- Born: Anders Victor Graneheim May 3, 1962 (age 63) Timrå, Sweden
- Website: www.andersgraneheim.se

= Anders Graneheim =

Swedish bodybuilder (born 1962)

Anders Graneheim (born May 3, 1962) is a Swedish bodybuilder. He was Swedish and Nordic Bodybuilding Champion during the 1980s. After a nine-year absence from competitive bodybuilding he competed in the "Sweden Grand Prix" in Gothenburg in 1997, where he placed third after two professional bodybuilders.

He won the Swedish competition B&K Classic Body Show in 2000 which earned him a pro card in bodybuilding. He also competed in Master's Mr. Olympia in USA in August 2002.

Anders Graneheim is a popular guest poser at bodybuilding contests and sports events, and he holds seminars about training and nutrition in gyms, sports centers and schools, and he is engaged as a nutrition expert for Swedish athletes and sports teams. He also writes articles for the Swedish bodybuilding monthly BODY Magazine (formerly B&K Sports Magazine), in which he also has a regular expert column.

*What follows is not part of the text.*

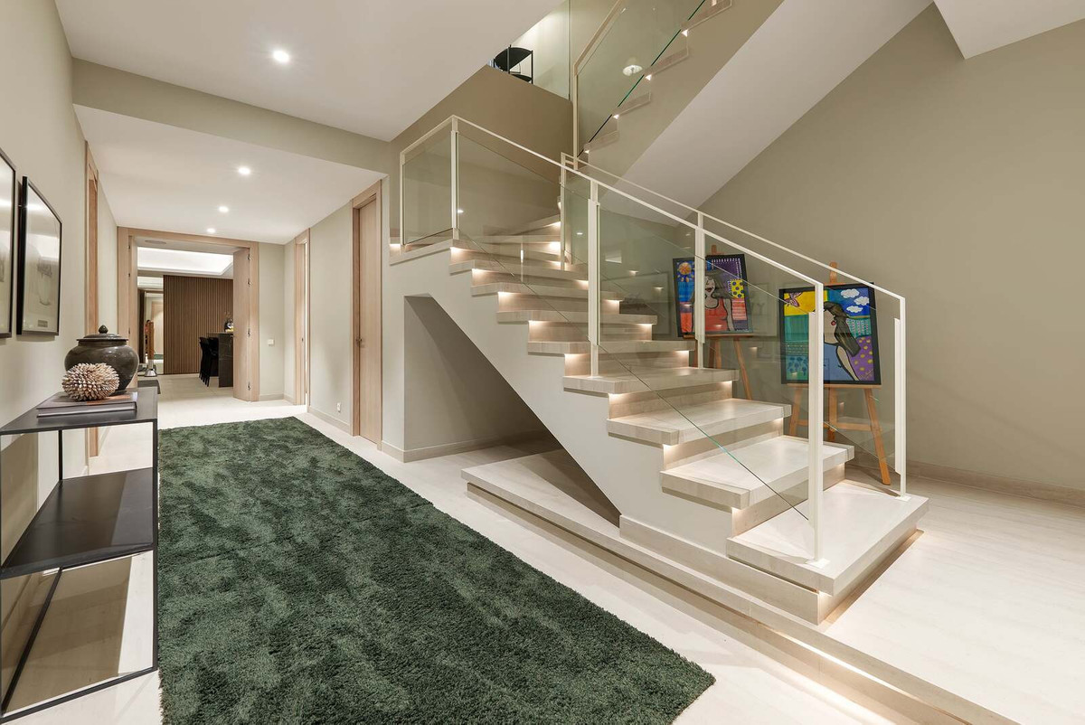 Verdeeld over vier luxe verdiepingen, verbonden door een privélift, straalt de woning zowel comfort als gemak uit. De strakke Siematic-keuken is volledig uitgerust met hoogwaardige apparatuur, terwijl vloerverwarming het hele jaar door comfort en energiezuinigheid garandeert. Geïntegreerde Bang & Olufsen-luidsprekers en tv's tillen de woonervaring naar een hoger niveau met tijdloze elegantie en superieur geluid.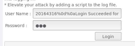 (1)在Username输入 20164316%0d%0aLogin Succeeded for username: admin 其中%0d和%0a为CRLF换行符

With a career spanning over more than 20 years, Anders Graneheim is regarded as one of Sweden's most outstanding bodybuilders. He is regarded as Sweden's best bodybuilder ever when it comes to symmetry, and he is one of the few bodybuilders in Sweden that is also known to the general public.

Anders Graneheim has been portrayed in a one-hour TV documentary named Sista Posen ("The Last Pose") on Swedish Television, in which a camera team followed his training and preparation for the Master's Mr. Olympia competition in the summer of 2002. The documentary was aired on Swedish Television in 2003 and has also been aired on Danish and Norwegian television in 2004 and 2005.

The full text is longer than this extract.